Pilipinas Obstacle Sports Federation
- Sport: Obstacle racing
- Jurisdiction: Philippines
- Abbreviation: POSF
- Founded: 2017
- Headquarters: SM Aura Premier, Bonifacio Global City
- Location: Taguig, Metro Manila
- President: Alberto Agra
- Chairman: Charles Or
- Secretary: Anjo Sarmiento

Official website
- posf.ph
- Philippines

= Pilipinas Obstacle Sports Federation =

Sports governing body in the Philippines

The Pilipinas Obstacle Sports Federation, Inc. (POSF; d.b.a.
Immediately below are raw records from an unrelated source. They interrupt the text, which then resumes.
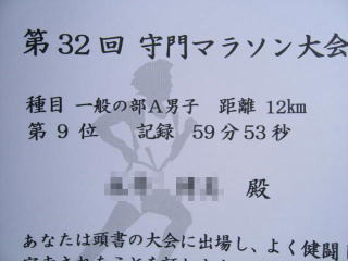 でも、前々回、平成20年に参加したときは16位、58分05秒でしたから約2分遅れです。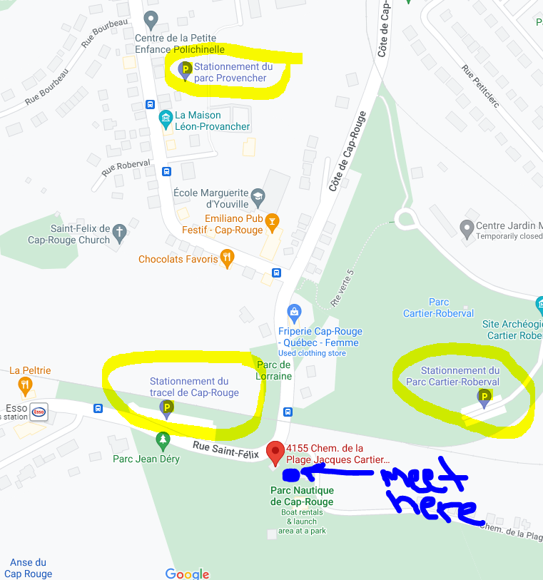 Meeting place: Parc nautique de Cap-Rouge
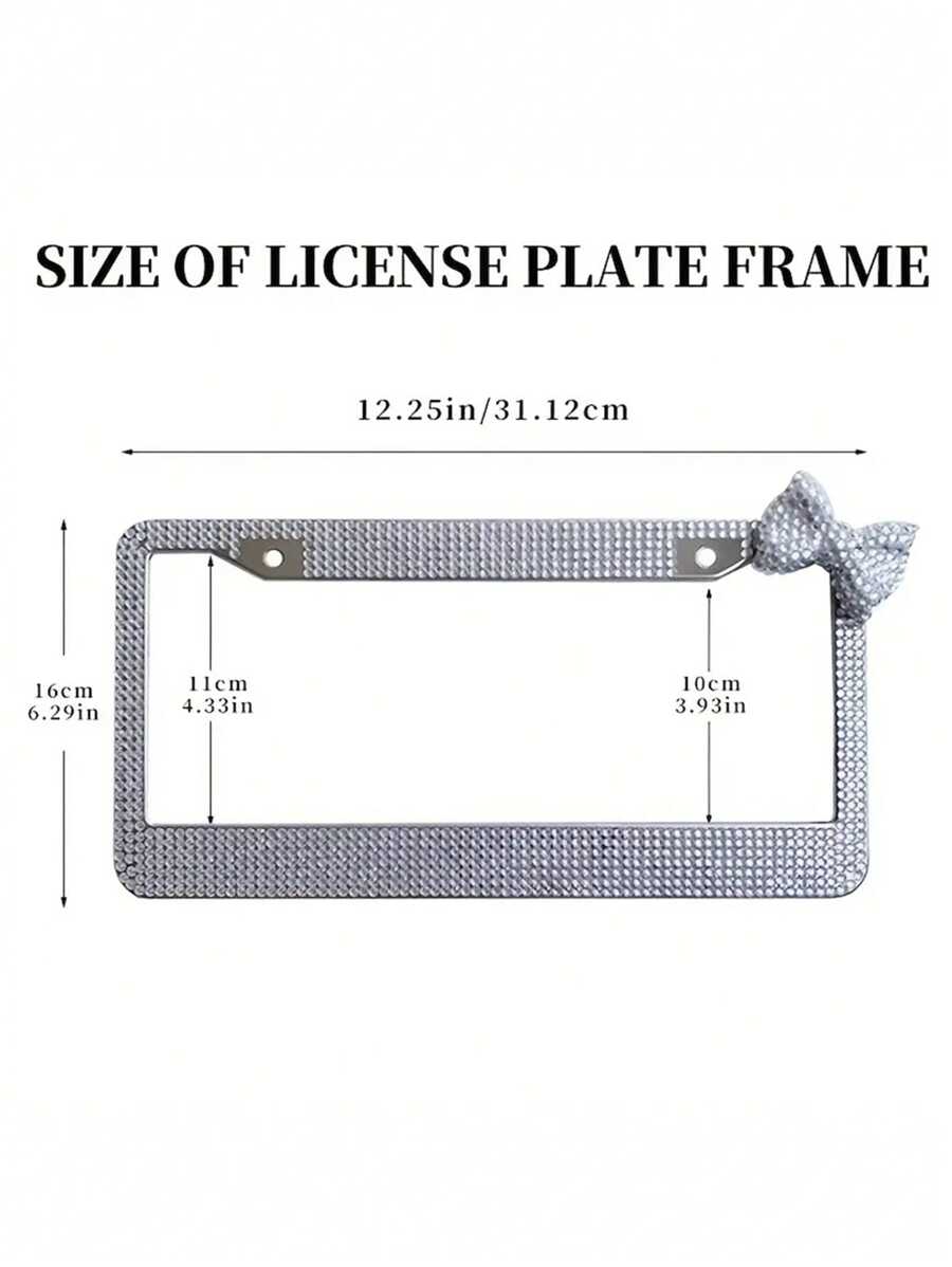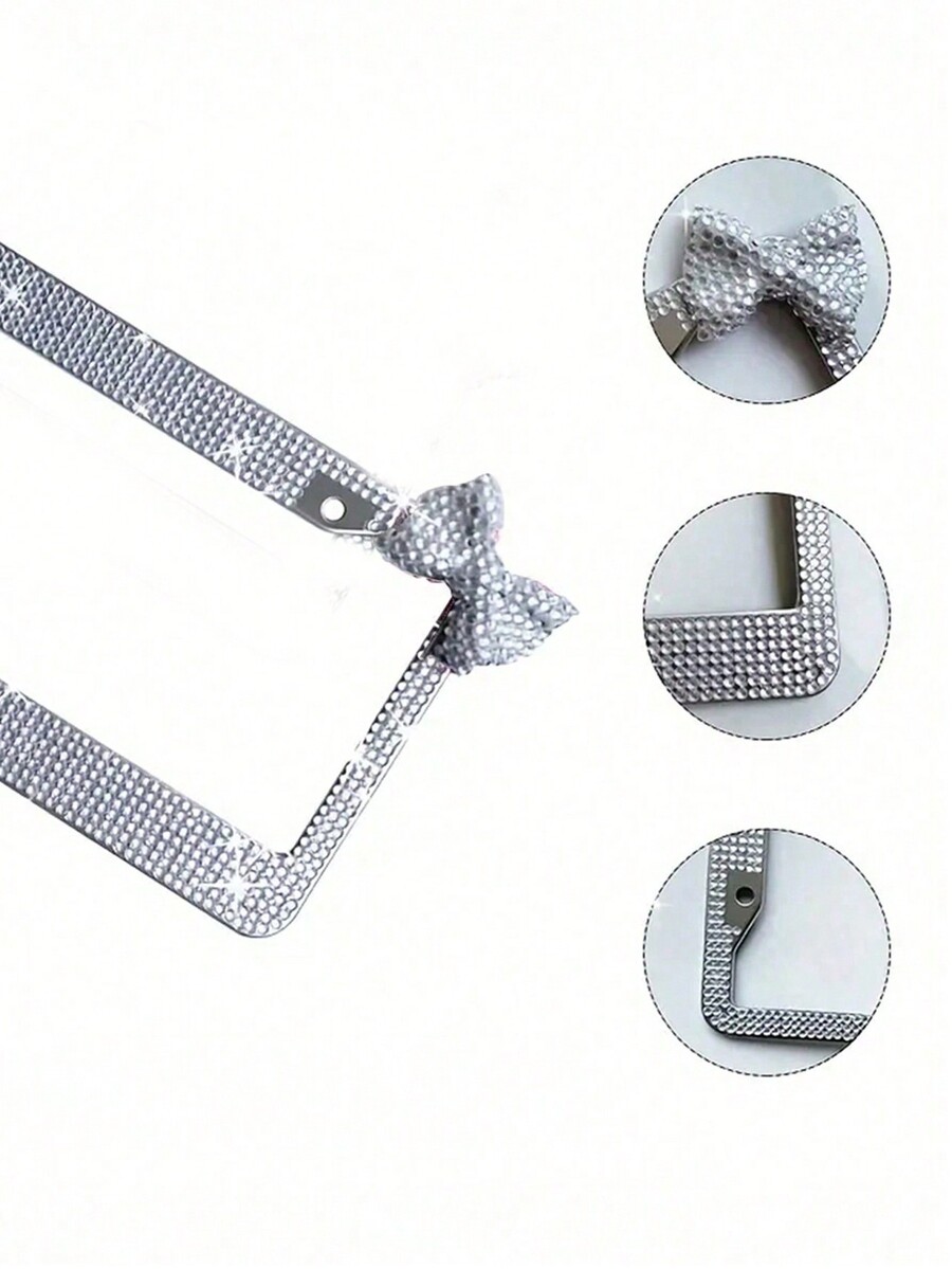 1 Juego De Placa De Matrícula De Acero Inoxidable Con Marco En Forma De Lazo Con Diamantes, Actualice El Aspecto De Su Coche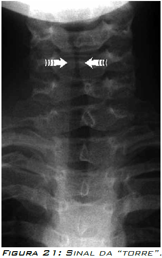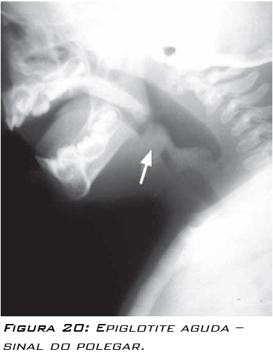 O sinal radiológico descrito para epiglotite aguda é denominado “sinal do polegar”, observado na radiografia cervical lateral, explicado pelo edema da epiglote. Este exame não deve ser solicitado quando o quadro clínico indica que se está diante de uma epiglotite aguda, pois qualquer demora na obtenção da via aérea piora o prognóstico do paciente.
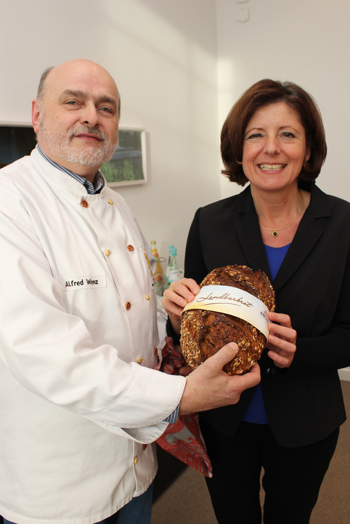 „Das müssen Sie mal probieren!“ Mit diesen Worten schenkte Obermeister Alfred Wenz der Ministerpräsidentin zum Abschluss des Besuches noch eines seiner saftigen Kirner Landbierbrote.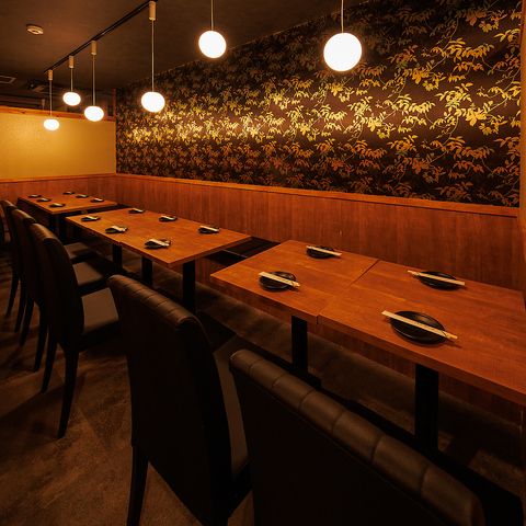光と影が織り成す上質空間。都会の喧騒を忘れ大人の時間をゆったり堪能できる空間をご用意!2名~6名の少人数様向けのテーブル席などゆったりと優雅なお時間をお過ごし頂けるこちらのお席は、デートをワンランク上の仕上がりに!サプライズ演出できるデザートプレートもご用意しております!!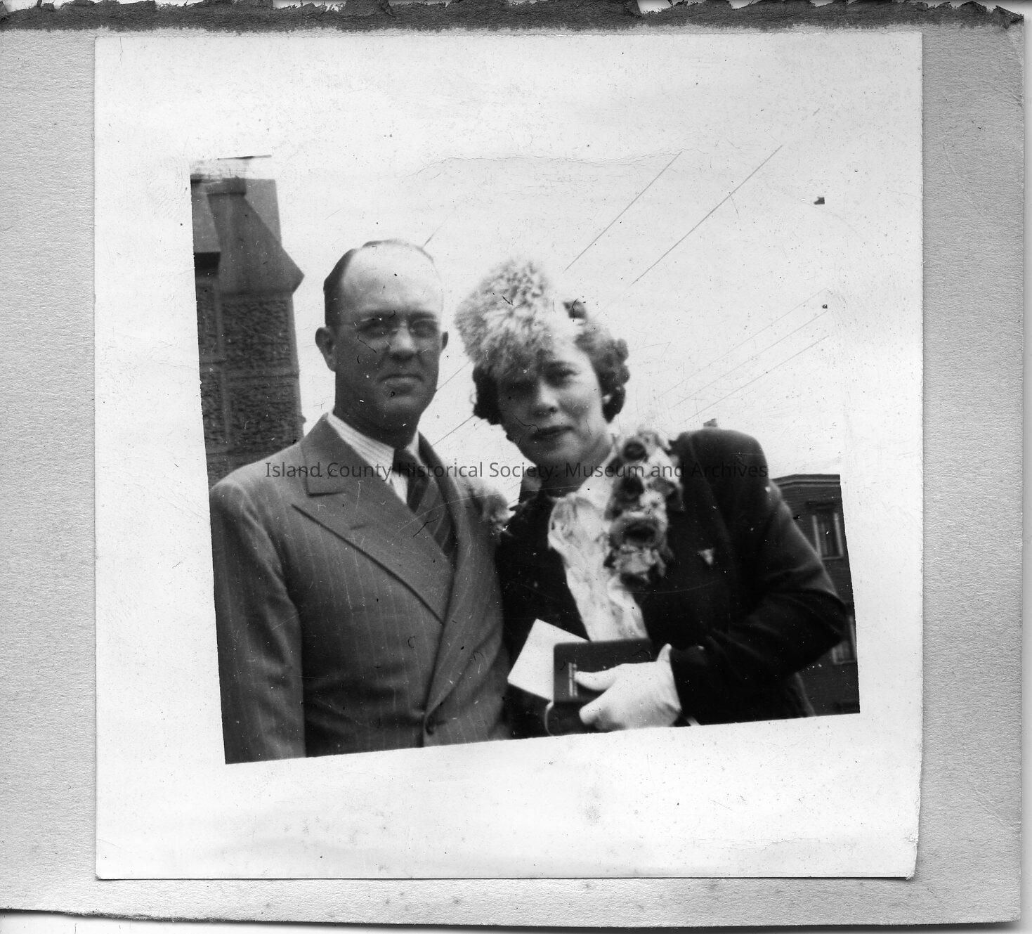 A photo of a woman and a man, outside. The woman has flowers on her jacket. Handwritten on the back is "Ted & Mildred White." In Izett Family Folder.
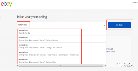 首先要选择分类。以eBay.com为例,您可以直接在输入框‘Tell us what you're selling’中输入您想售卖产品的关键词,eBay会给你推荐一些分类,通常第1个分类是最接近的。
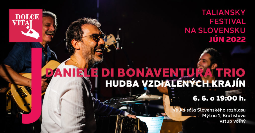 Úvodný koncert festivalu Dolce Vitaj bude patriť výnimočnému zoskupeniu hudobníkov, ktorí vždy spolupracovali s umelcami svetového mena. DANIELE DI BONAVENTURA TRIO sa v Bratislave predstaví po prvý raz, v pondelok 6. júna 2022 o 19.00 hod. vo Veľkom koncertnom štúdiu Slovenského rozhlasu. Repertoár koncertu vychádza z hudobných tradícií krajín Latinskej Ameriky, Stredného východu, Severnej Afriky a južnej Európy.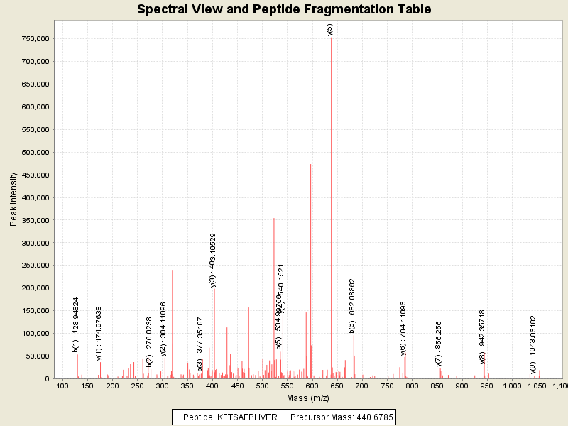 Observed intensity of peptide: 3194217.0
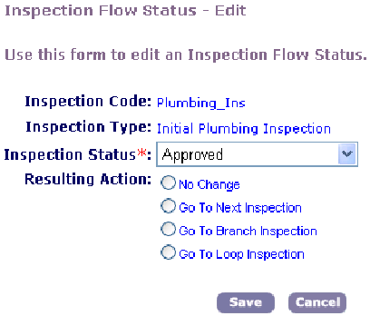 Set the Inspection Status for the task, and modify the Resulting Action (in the flow control column) as needed.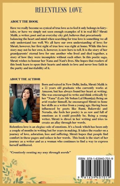 Take a moment and think of 'Heer Ranjha', 'Soni Mahiwal', 'Layla Majnu' or even 'Romeo and Juliet'. What do they all have in common? The one glaring answer is that these tales are testimonies of true love. Even though all these stories are fiction, it is safe to assume they must be inspired by real people who lived at some point in history. Perhaps it is this very fictionalization of romance that has our generation so cynical about whether true love of such magnitude can even exist for real. In this book, Shruti Malik has set out to dispute just that. To honour true love in its raw, vulnerable and exquisite moments, she tells the tale of her late grandparents who not only raised her but were also the source of a beautiful story. Through the heartbreak of losing them, she could think of no other way to pay tribute to them other than by having their lives eternalized in print. And just like the old masters wrote the tales of 'Heer Ranjha' or 'Romeo and Juliet', she too wishes to portray the beauty of a love story with the swaying tones of poetic form.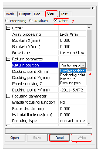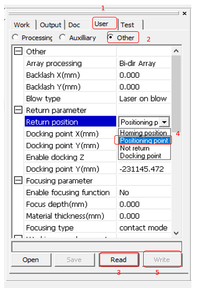 Si requiere que el cabezal se desplace a una coordenada específica se debe seleccionar la opción “Docking Point” y colocar las coordenadas tanto en el eje X como en el eje Y donde queremos que se ubique el cabezal luego que termine el corte, confirme escribiendo el parámetro a la máquina con el botón “Write”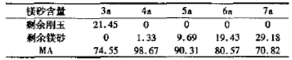 表4為試樣的基質(zhì)中鎂砂細(xì)粉與剛玉細(xì)粉完全反應(yīng)生成理論尖晶石基質(zhì)的成分?梢,鎂砂細(xì)粉含量為3a、4a時,因基質(zhì)中鎂砂細(xì)粉與剛玉細(xì)粉在1400℃左右已經(jīng)反應(yīng)完全,故在更高溫度下僅為燒結(jié)收縮起作用,在1600℃燒后呈現(xiàn)收縮;而M5、M6、M7在以后的溫度下剩余的鎂砂細(xì)粉仍然與骨料中的剛玉發(fā)生反應(yīng),繼續(xù)產(chǎn)生膨脹,抵消了部分燒結(jié)收縮而呈現(xiàn)處或多或少的膨脹,隨鎂砂細(xì)粉含量增加,膨脹顯著增加。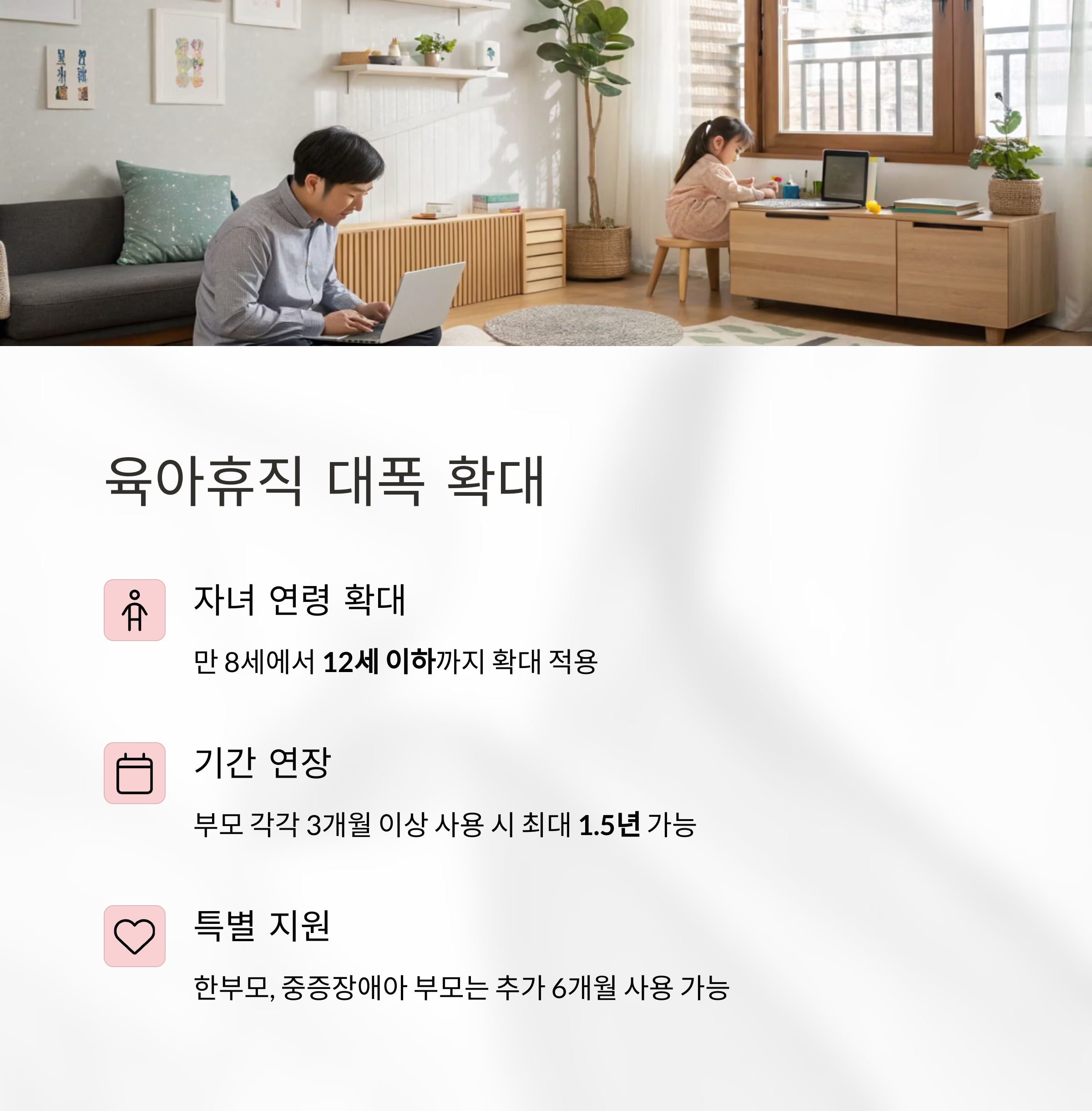 또한 신체적 또는 정신적 장애로 장기 치료가 필요한 자녀를 둔 학생의 경우, 자녀가 16세 이하이거나 중학교 1학년 이하인 경우까지 휴직 자격 기준이 상향 조정되었습니다. 이 개혁은 학업과 육아 책임을 동시에 수행하는 학생들에게 더 유연한 지원을 제공하기 위한 정부의 노력의 일환입니다.

Obstacle Sports Pilipinas) is the governing body for the sport of obstacle racing in the Philippines.

POSF is a member of the World OCR, the international body for obstacle racing, as well as the Asia OCR. It is also a recognized member of the Philippine Sports Commission and the Philippine Olympic Committee.

==History==
The POSF was incorporated on January 24, 2017 in Mandaluyong, Metro Manila,

The POSF has organized the first edition of the Asian Obstacle Course Race (OCR) Championships in Aseana City in Pasay in January 2018 and hosted the first World OCR coaches certification program. It is set to host the inaugural edition of the World University OCR and the World Youth OCR at the Mall of Asia Arena.

The sports body was responsible for introducing obstacle racing in the Southeast Asian Games, with the discipline making its debut in the 2019 edition hosted in the Philippines.